What does one do to sustain a business in the midst of an economic slowdown when consumers and business confidence is low and costs are steadily rising? Greg Solomon, CEO of McDonald’s South Africa told delegates to the FNB Franchise Leadership Summit that “you concentrate on top line growth through innovation”.

Supporting that advice, he explained how McDonald’s globally had increased profitability notwithstanding difficult trading conditions worldwide. McDonald’s is built on long-standing, deep partnerships, with most of its approximately 40 franchisees in South Africa being multi-franchise holders. Its 235 outlets will grow to 244 by year-end, and eight million customers – half the working population of South Africa – eat a McDonald’s meal each month.

With input costs increasing by 5-6% a year and Gross Domestic Product growth languishing at just over 1%, Solomon observed this was not a sustainable model for profitability unless business owners create a culture of innovation from the bottom up in their businesses. “Business leaders cannot be expected to come up with all the innovation in a business, but what they can do is create the right culture for ordinary staff to innovate, and then be prepared to execute on viable ideas.” He noted that most of the ideas that had ensured McDonald’s growth had come from franchisees and staff – innovations such as the Egg McMuffin (now 11% of global turnover) and its espresso coffee bar, which had been voted the ‘second coolest’ coffee brand.

He outlined the company’s successful strategy.

Relationships are core, with an emphasis not just on having happy partners but partners who are ‘equally happy’, as imbalances in the happiness quotient can otherwise develop. “Our relationships, whether with suppliers or franchisees, are based on inter-dependence and strategic partnerships”.

“It is the depth of these partnerships that keeps franchisees motivated even in the current environment of slow GDP growth. In a culture of complete transparency, franchisees know exactly where they stand and what they’re in for during the coming six to 12 months. For instance, McDonald’s had a tough last six months of 2014 and an equally tough six months at the start of 2015, but our franchisees were kept fully aware that we’re in this together. By concentrating on the top line, innovating and managing the costs, we came through and business growth has turned the corner. The last six month period has been a great one,” said Solomon.

Sustainable success, he said, stems from having a long-term strategy covering five or preferably 10 years, thereby enabling the business to plan beyond periodic and short-term downturns with contingency plans already designed to cover any type of emergency. “Having such a series of contingency plans is what gives a business nimbleness to react instantly to changing economic conditions, as well as the capability to expand the business when conditions are more favourable.”
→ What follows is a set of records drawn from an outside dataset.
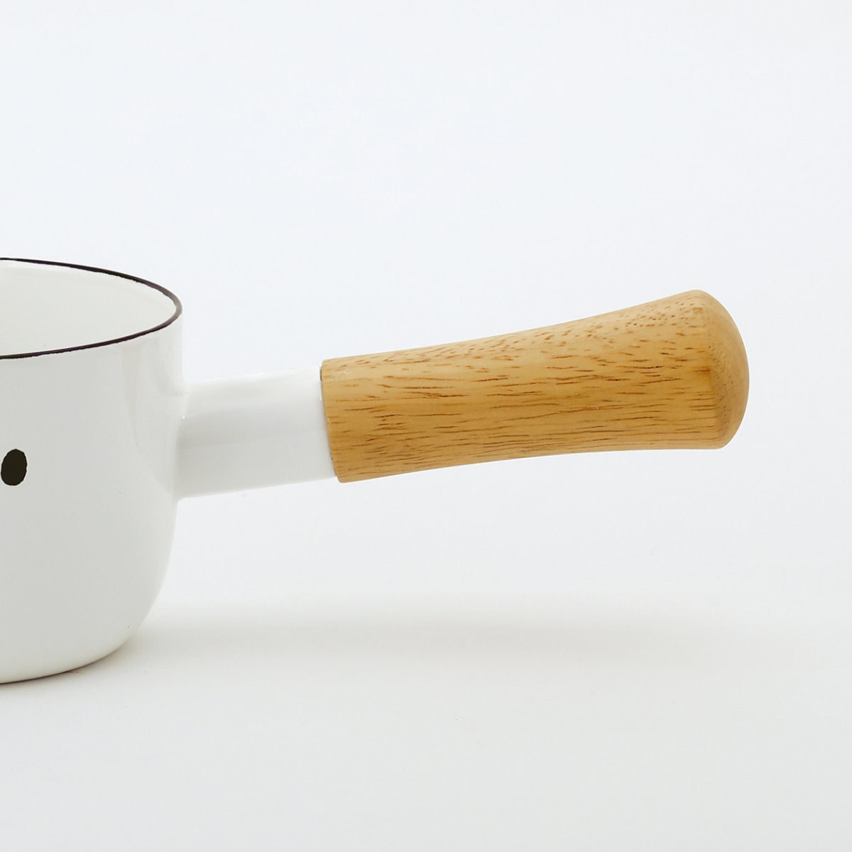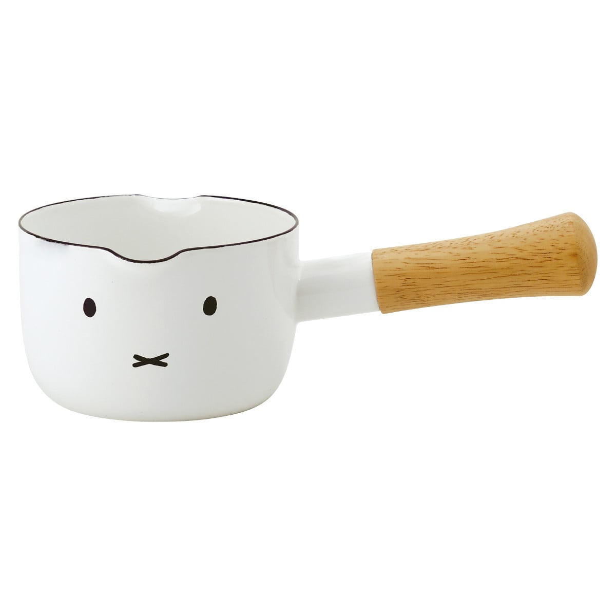 ミッフィーのかわいいおかおがデザインされたミルクパンです。1~2人分のドリンクの温めやスープ作り、離乳食作りにもちょうど良いサイズです。両側に注ぎ口があり、利き手を選ばず容器に移すことができ、使い勝手も抜群です。木製の取っ手なので熱くなりにくいです。ガス火専用です。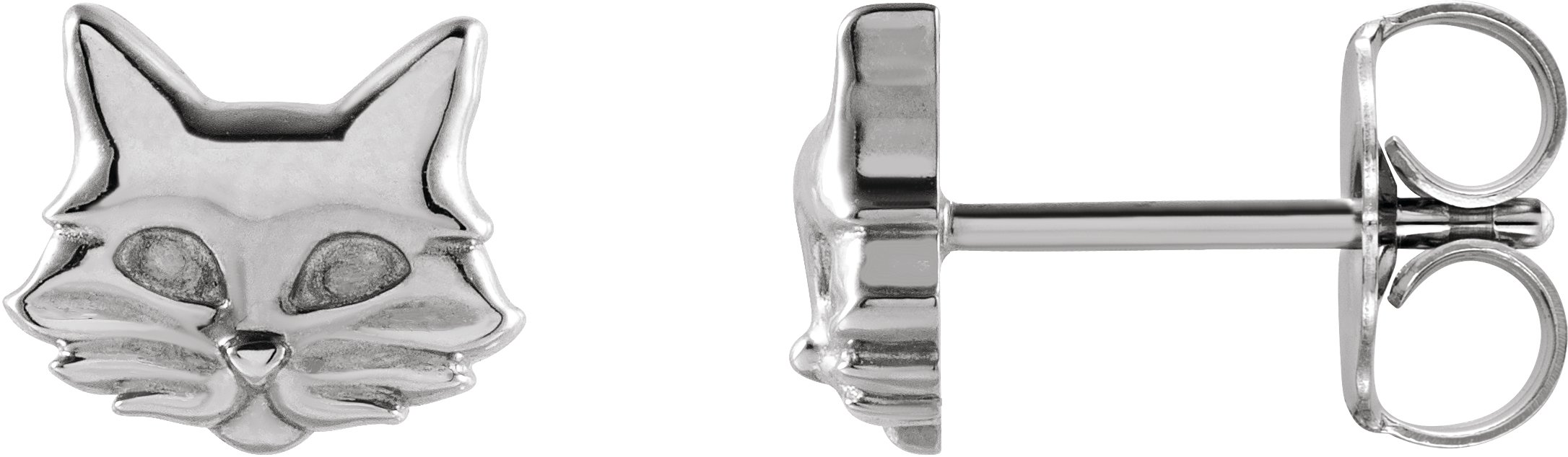 87359 / Earring / 14K White / Pair / Friction Backs Included / Polished / Tiny Cat Earrings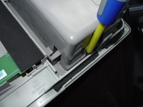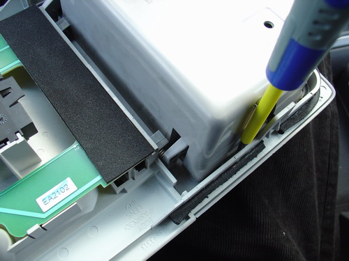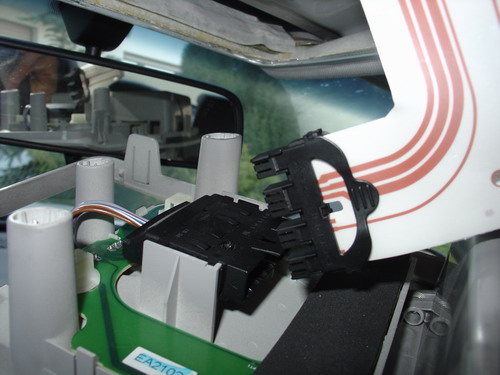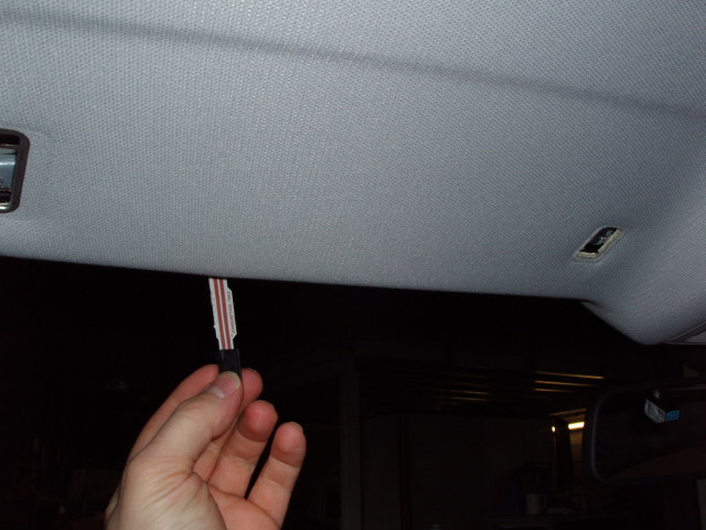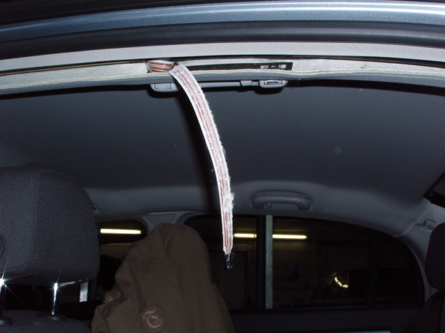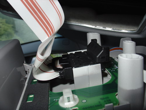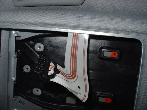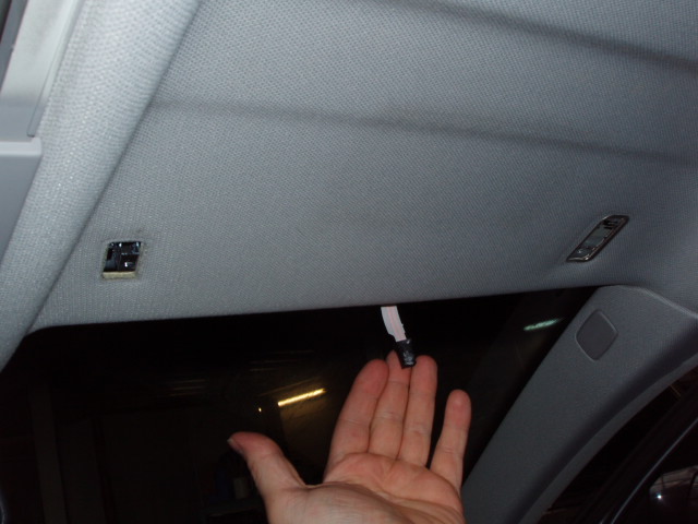 5. Leiterband mit Stecker (beschriftet-Center Dome) befindet sich auf der Fahrerseite zwischen der C- und B-Säule etwa 10 cm von der Aussenkante des Dachhimmel. Es ist mit einem Stoffklebeband bedeckt, dh. ihr müsst den Stecker mit Fingern fühlen.
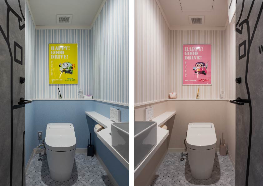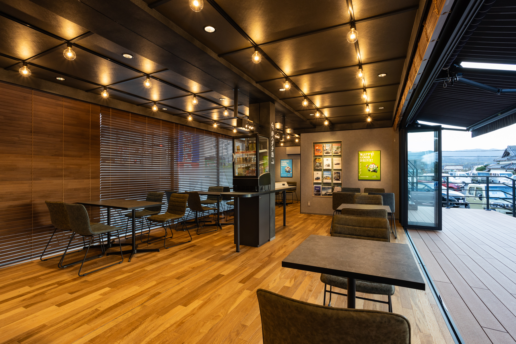 「車販売店らしくないものにして欲しい」というのがお客様の要望でした。外観は照明のキラキラ感を出し、室内はゆったり落ち着ける空間にしました。車販売の特性上、外の展示場と中の商談スペースを行き来するので、前面を全開放の折れ戸を設置し、外はウッドデッキと人工芝を敷設することで、中でも外でも楽しんでもらえるようにしました。車屋さんらしくない素敵な可動建物が出来たかと思います。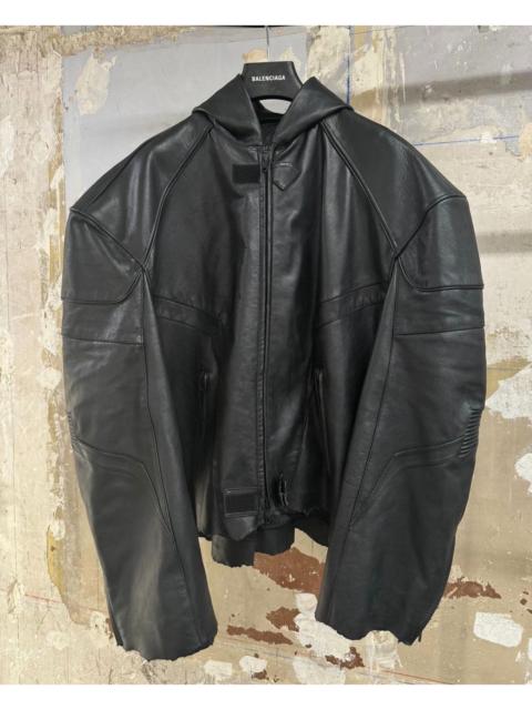 Balenciaga 24SS Show Hooded Biker Jacket Hooded Biker Leather Jacket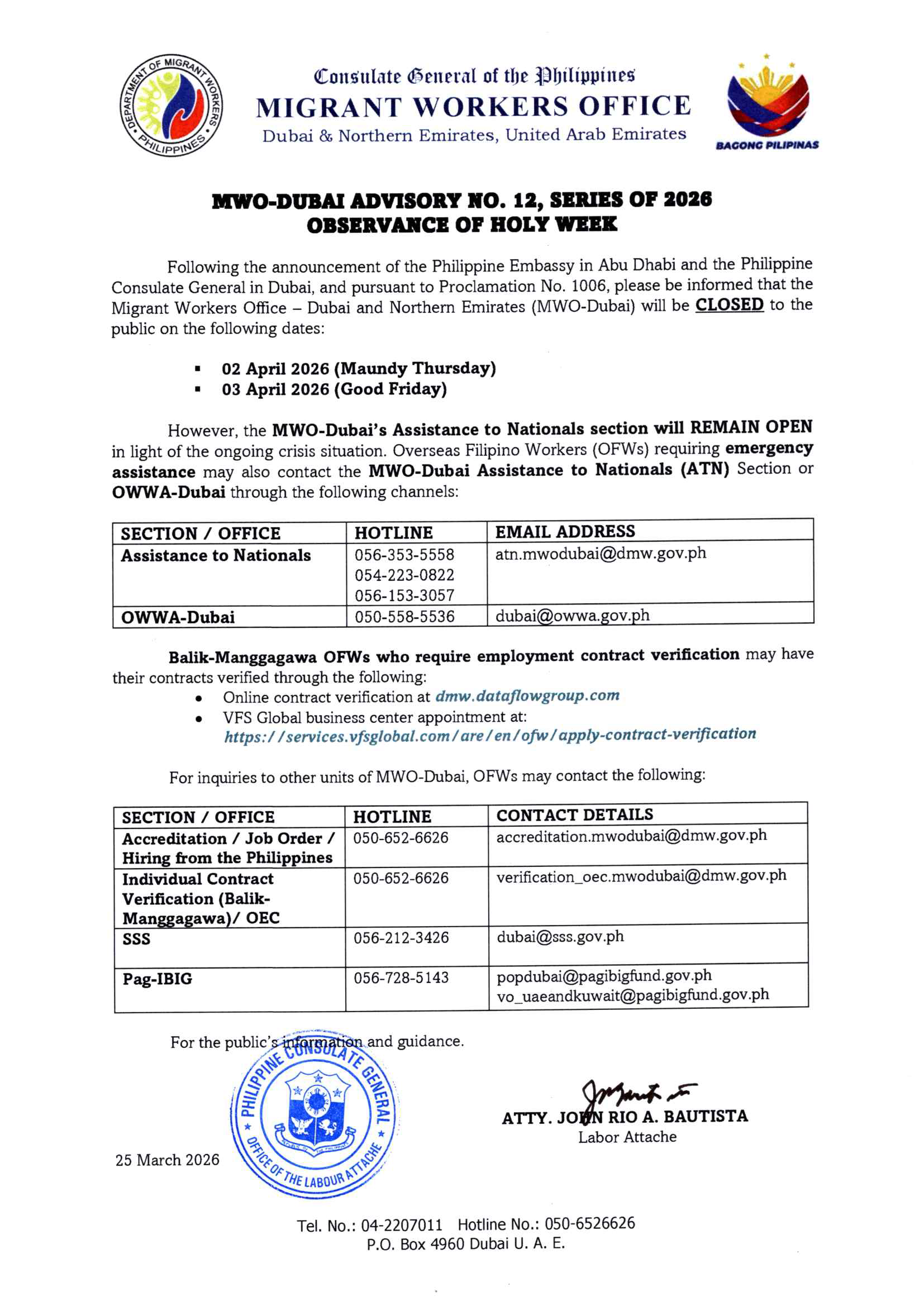 Following the announcement of the Philippine Embassy in Abu Dhbai and Philippine Consulate General in Dubai, and pursuant to Proclamation No. 1006, please be informed that the Migrant Workers Office – Dubai and Northern Emirates (MWO-Dubai) will be ๐๐๐๐๐๐ to the public on the following dates: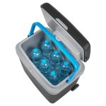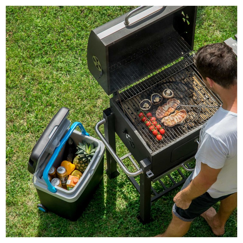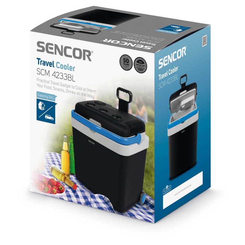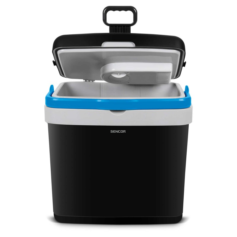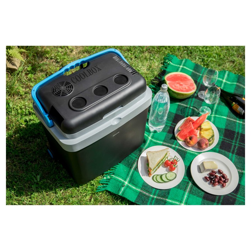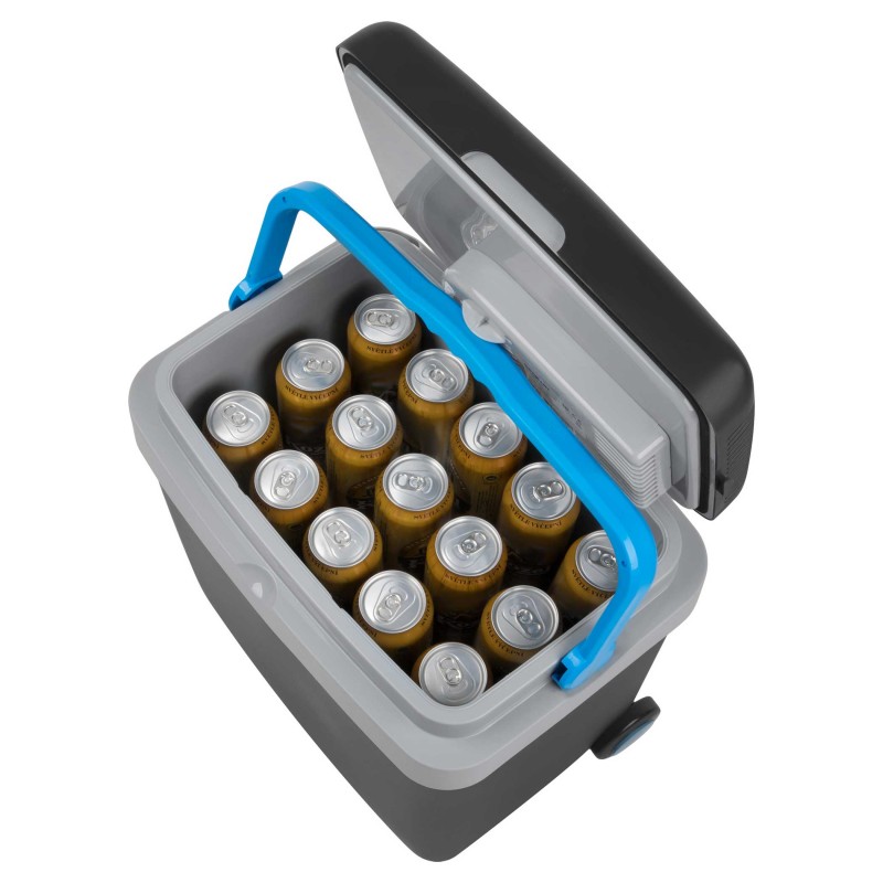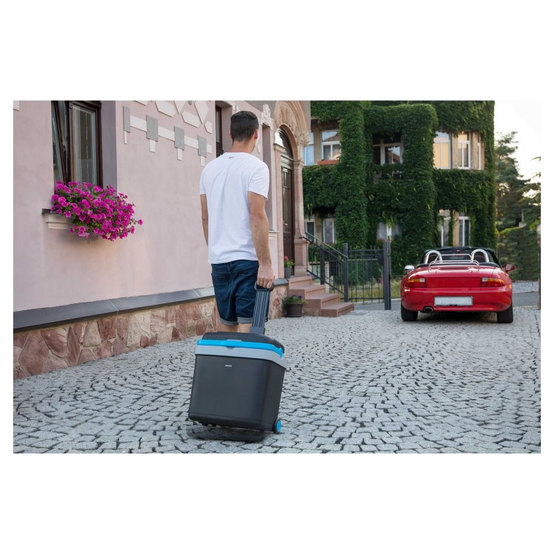 Suvremen dizajn s kapacitetom od 33 litre Jaka sklopiva ručka i veliki kotači Mogućnost hlađenja i grijanja Zeleno/crveno LED svjetlo signalizira hlađenje ili grijanjeZa upotrebu u automobilu i kućanstvu (dvostruko napajanje 12/230 V)Odvojiva razdjelna rešetka za praktično raspoređivanje sadržaja Velika ručka za lako nošenjePriključak na utičnicu od 12 V (automobilski upaljač) / utičnicu mrežnog napajanja od 230 VNačin rada ECO kada se napaja s 230 V (hlađenje će prestati kada se dostigne 12 °C)Prostor za devet PET boca od 1,5 litara ili pet PET boca od 2 litre, kada je poklopac zatvorenHladi do 16-18 °C ispod okolne temperatureOdvojivi poklopac DVOSTRUKI ZAŠTITNI SUSTAV ZATVARANJA poklopac se može otvoriti samo ako je ručka zaklopljena plastična blokada na gornjem poklopcu, otvoreni poklopac ne može pasti i ozlijediti nečije ruke Ventilacijski sustav s dugotrajnim motorom bez četkicaKvalitetna izolacijaUlazna snaga 60 WDužina kabela napajanja za 12 V: 2 mDužina kabela napajanja za 230 V: 1,8 mMasa: 7 kg

He noted that businesses require a different type of leader for different phases of its development and growth, and each leader therefore needs to perform some introspection on his/her own capability in this respect, so as not to hold back the business. “Our own founder Ray Kroc had the vision and capability to take the business from one to 100 stores, but thereafter it needed a bolder leader with the vision to take it to 1,000 stores with its requisite corporate culture. It is rare to find a single leader capable of leading an organisation for 35 years through multiple phases of expansion,” said Solomon.

“A business needs to maintain intense focus on what it is good at – and a business owner should hammer into every employee what those are. In a hospitality business like McDonald’s it is Quality, Service, Cleanliness and Value, among other things, and to retain that focus we view ourselves as a learning institution as much as a restaurant business. If you want to destroy a brand, then the easiest way to accomplish that is by not delivering on the business’ promises and by destroying trust in it.”

With staff having an average age of 25 years, McDonald’s inevitably experiences some 20% churn of staff each year, but is not concerned regarding this as all these ex-staff become ambassadors for the brand, said Solomon.

“Though McDonald’s is a hard working operation, as indeed is any food outlet, it is important to never lose sight of the core culture of an organisation or that the little things can make a big difference,” he said.